Anemia Consultation Transcription Sample Report

DATE OF CONSULTATION: MM/DD/YYYY

REFERRING PHYSICIAN: John Doe, MD

REASON FOR CONSULTATION: Anemia.

HISTORY OF PRESENT ILLNESS: This is a (XX)-year-old woman who was admitted to the hospital yesterday with worsening anemia. She has longstanding anemia felt to be secondary to a combination of iron deficiency, hemolysis, and anemia of chronic disease. She has been on oral iron therapy at home as well as Procrit injections. Despite all these measures, her hemoglobin was noted to be declining. She has not had any recent change in her bowel habits or seen any blood in her stool.

She denies anorexia, weight loss, nausea, vomiting or abdominal pain. She has a history of colon polyps and her last complete colonoscopy was eight years ago with diverticulosis and hemorrhoids but no polyps.
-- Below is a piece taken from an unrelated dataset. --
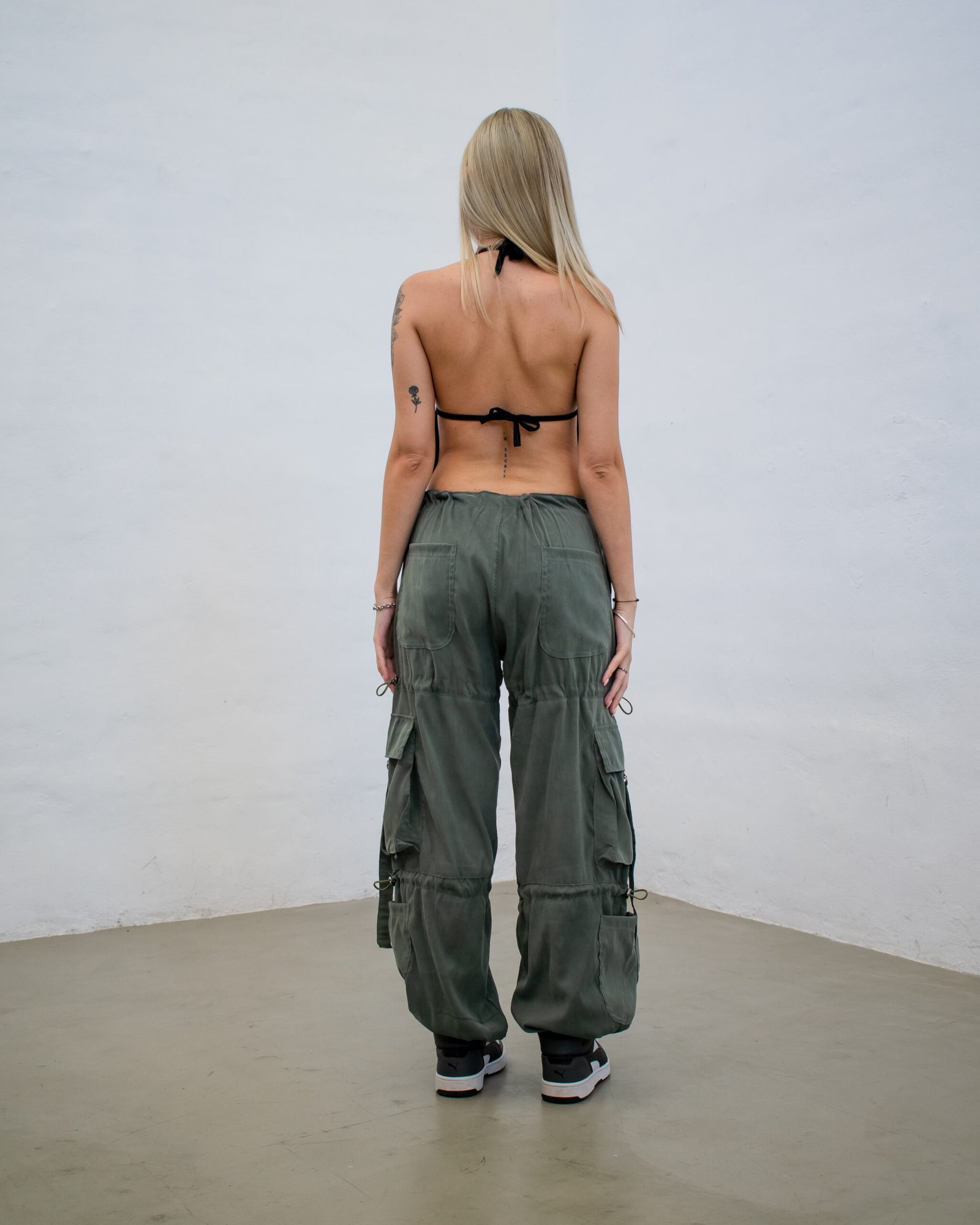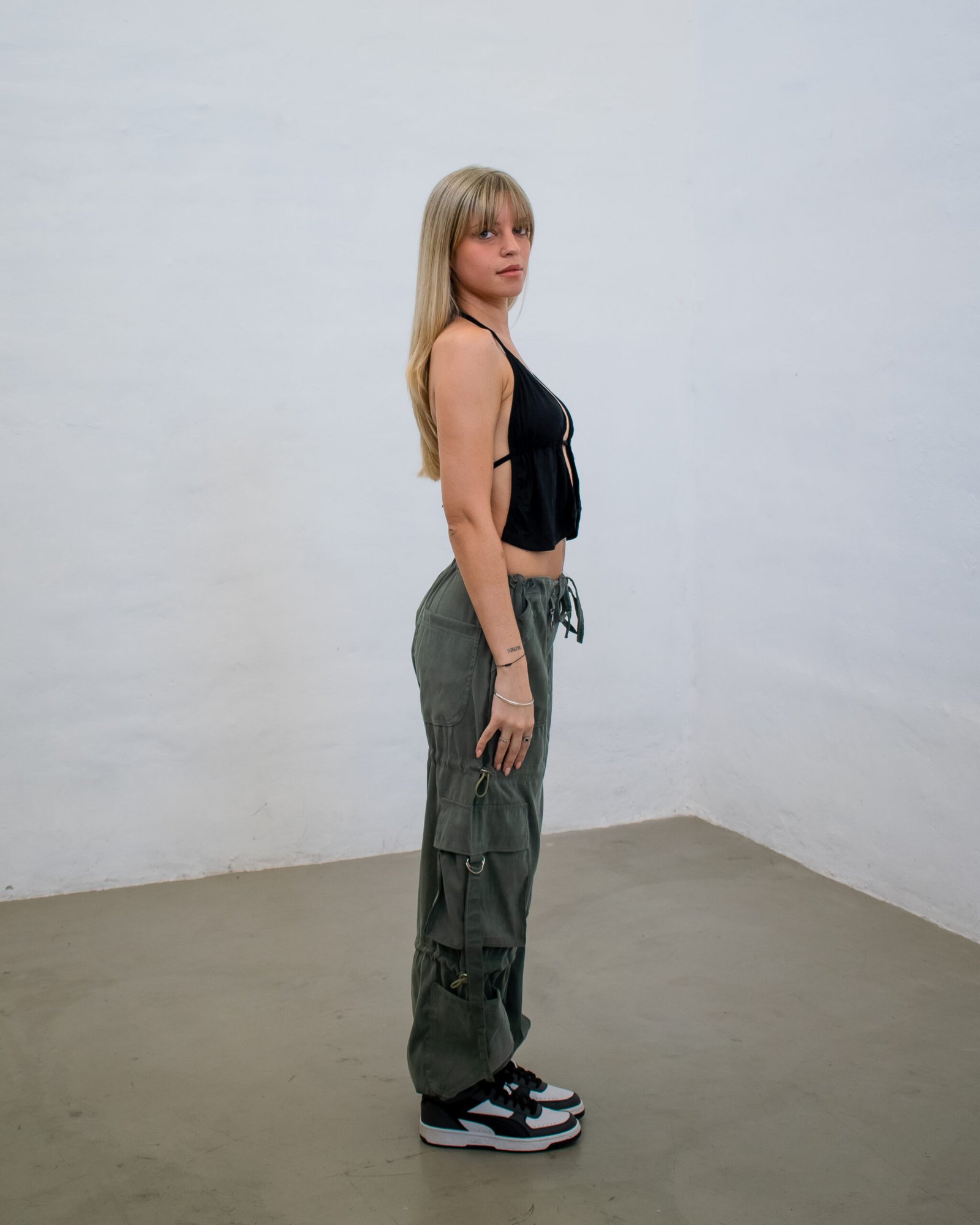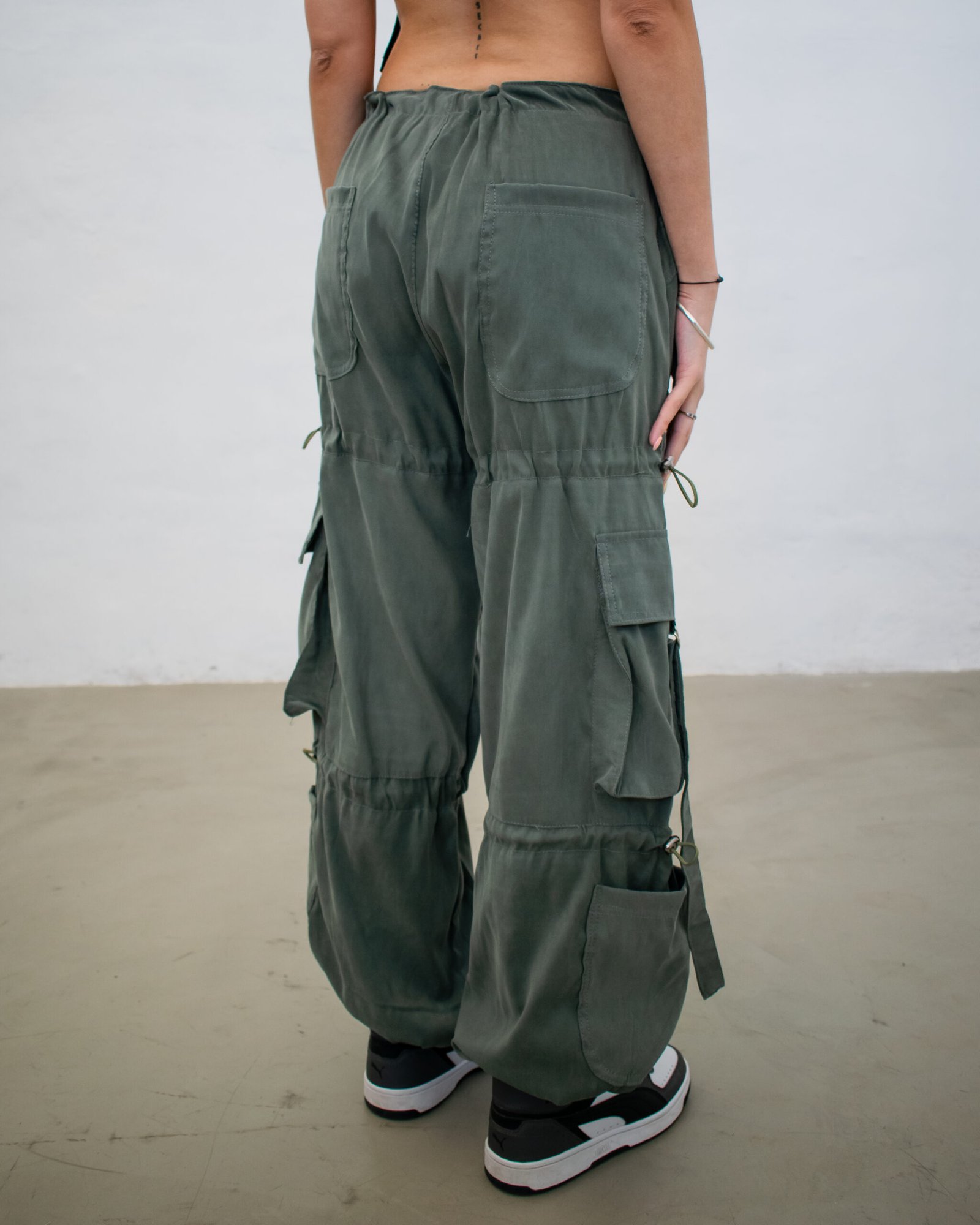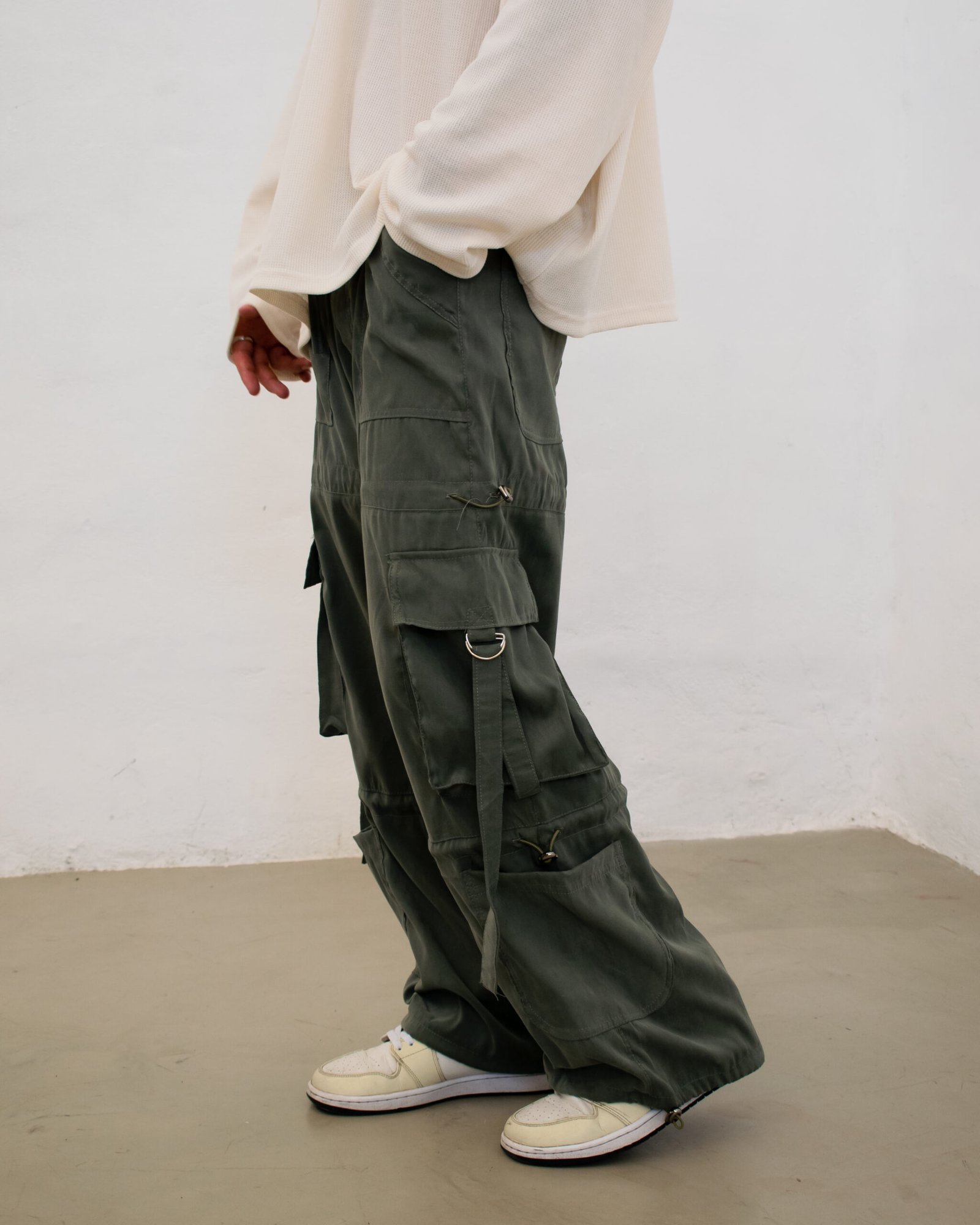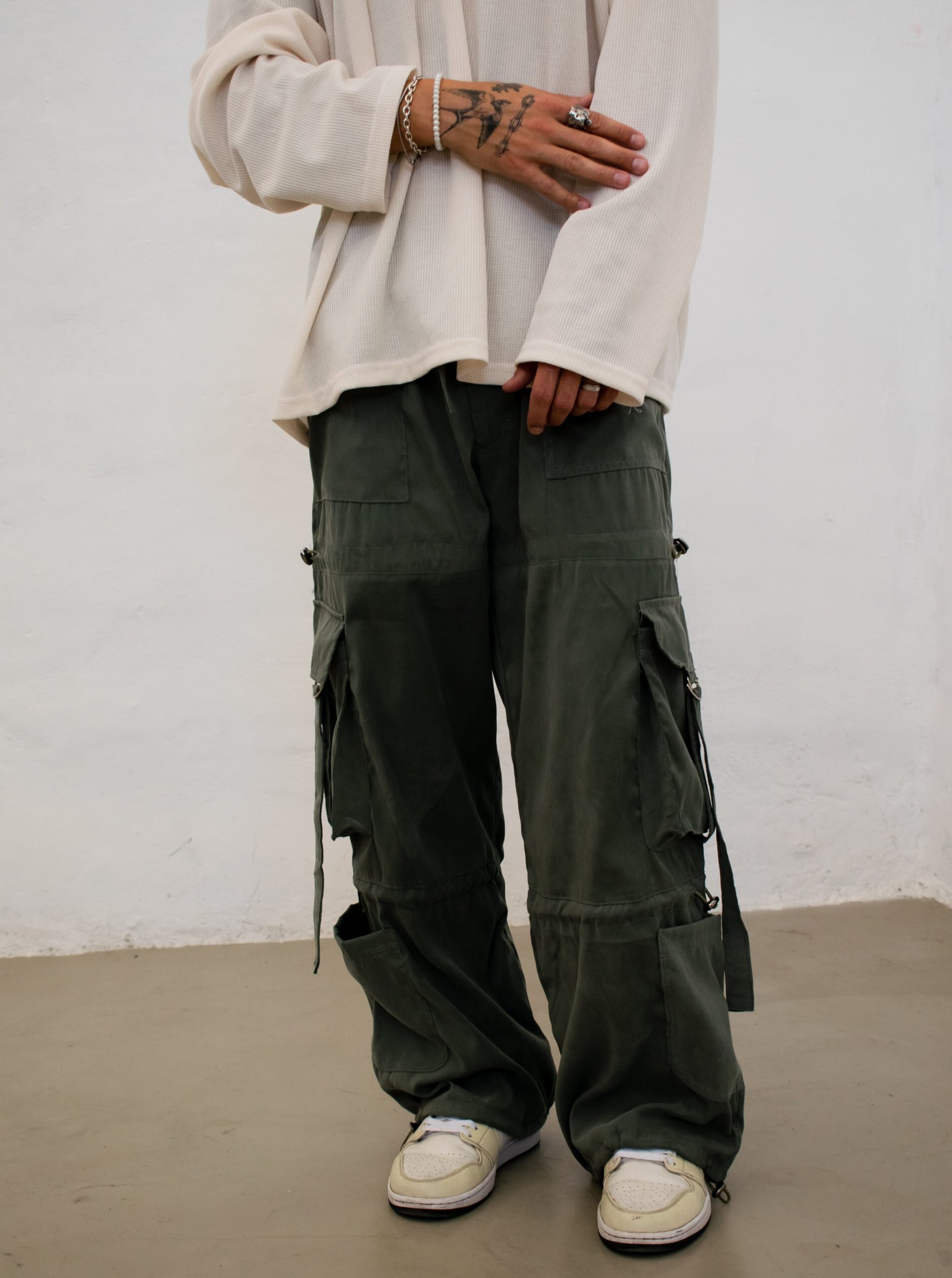 Pantalon oversize de sastrero suede con cordón regulador y cierre. Regulador metalizado con elástico en el ruedo, bolsillos cargo con detalle de tiras, detalle de gancho en la cintura y recortes con elástico y reguladores . El elástico en el ruedo permite usar el pantalón suelto o a modo de babucha. El cordón en la cintura permite una versatilidad en los talles.

She did have a flexible sigmoidoscopy three years ago that was significant only for hemorrhoids.

Her last EGD was eight years ago at which time she was noted to have small gastric polyps and duodenal diverticulum. Since being admitted to the hospital, she has been transfused one unit of blood. Her hemoglobin on admission was 6.6. A repeat hemoglobin is currently pending.

PAST MEDICAL HISTORY: As above, coronary artery disease, aortic stenosis, atrial fibrillation, anemia, mesenteric ischemia, hypertension, and hypercholesterolemia.

PAST SURGICAL HISTORY: CABG, mitral valve replacement, cataracts, carotid endarterectomy, rotator cuff surgery, surgery for ectopic pregnancy, hemorrhoidectomy, superior mesenteric artery stent, and exploratory laparotomy with lysis of adhesions.

ALLERGIES: Multiple, listed in the chart.

HOME MEDICATIONS: Atenolol, biotin, Coumadin, digoxin, FoliTab, Librium, Lipitor, magnesium oxide, Procrit, Protonix, Vasotec, and vitamin D.

SOCIAL HISTORY: Previous tobacco. No alcohol. No illicits.

FAMILY HISTORY: Noncontributory.

REVIEW OF SYSTEMS:
GENERAL: The patient denies fevers or chills.
HEENT: Denies vision problems or hearing problems.
CARDIOVASCULAR: Denies chest pain or irregular heartbeats.
RESPIRATORY: No cough, shortness of breath, hemoptysis or wheezing.
GASTROINTESTINAL: See HPI.
MUSCULOSKELETAL: She denies joint or muscle pain, aches or inflammation.
NEUROLOGIC: She denies headaches or focal neurologic defects.
PSYCHIATRIC: She denies change in mood, affect or behavior.
HEMATOLOGIC: She denies abnormal bruising or bleeding.
ALLERGIC/IMMUNOLOGIC: She denies unexplained or recurrent infections.

PHYSICAL EXAMINATION:
VITAL SIGNS: Temperature 98.2, pulse 90, respirations 18, and blood pressure 142/76.
GENERAL: The patient is well developed, well nourished, in no acute distress.
HEENT: Pupils are equal and round. Oropharynx is clear.
HEART: Regular rate and rhythm. Systolic ejection murmur is present.
LUNGS: Clear to auscultation bilaterally.
ABDOMEN: Soft, positive bowel sounds, nontender, nondistended.
EXTREMITIES: No clubbing, cyanosis or edema.
NEUROLOGIC: Motor and sensory grossly intact.

LABORATORY DATA: Hemoglobin 6.6 on admission. Repeat hemoglobin currently pending. INR 2.54.

IMPRESSION:
1.  Anemia.
2.  History of colon polyps.

PLAN:  We are currently awaiting her repeat hemoglobin level from today. We will continue to give her blood transfusion until her hemoglobin level is over 8. We will also give her one dose of vitamin K 10 mg orally. We will place 2 units of fresh frozen plasma on hold. We will continue her on IV Protonix. We will plan on doing an EGD and colonoscopy tomorrow with monitored anesthesia care for further evaluation. The risks, benefits, and alternatives to the procedure were explained to the patient. She expressed understanding. Further recommendations will follow after the endoscopic procedures are completed.